Question

a. A cylinder of gas is assumed to contain $11.2kg$ of butane. If a normal family needs $20000kJ$ of energy per day for cooking, how long will the cylinder last? Given that the heat of combustion of butane is $2658kJmo{l}^{-1}$.
b. If the air supply of the burner is insufficient (i.e. you have a yellow instead of blue flame), a portion of the gas escapes without combustion.

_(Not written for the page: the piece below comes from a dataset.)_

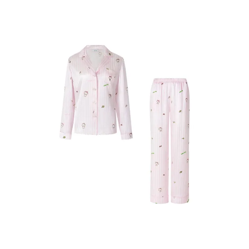 SILKY MIRACLE 테니스 스트라이프 패턴 헬로키티 핑크 세트 여성 파자마 세트 - POIZON

Assuming that $30\%$ of the gas is wasted due to this inefficiency, how long would the cylinder last?

• A. a. $26$ days , b. $18$ days
• B. a. $17$ days , b. $26$ days
• C. a. $16$ days , b. $17$ days
• D. None of these

Answer 1

Answer: (A)

a. $26$ days , b. $18$ days

Molecular mass of butane,

$C_4{H}_{10}=58$g $mo{l}^{-1}$

$58$g of butane on combustion give $2658$ kJ of heat

$\therefore 11.2$kg or $11.2\times {10}^3$g of butane would yield

$\frac{2658kJ\times 11.2\times {10}^{3}g}{58g}=513268.97$kJ

The daily requirement of energy $=20,000$ kJ/day

$\therefore$ Number of days the cylinder would last

$=\frac{513268.97kJ}{20000kJ/day}=26$days.

Since $30$ per cent of the gas is wasted due to incomplete combustion, the amount of heat produced per cylinder.

$=513268.97\times \frac{70}{100}kJ=359288.28$kJ

$\therefore$ Number of days the cylinder would last

$=\frac{359288.28kJ}{20000kJ/day}=18$days.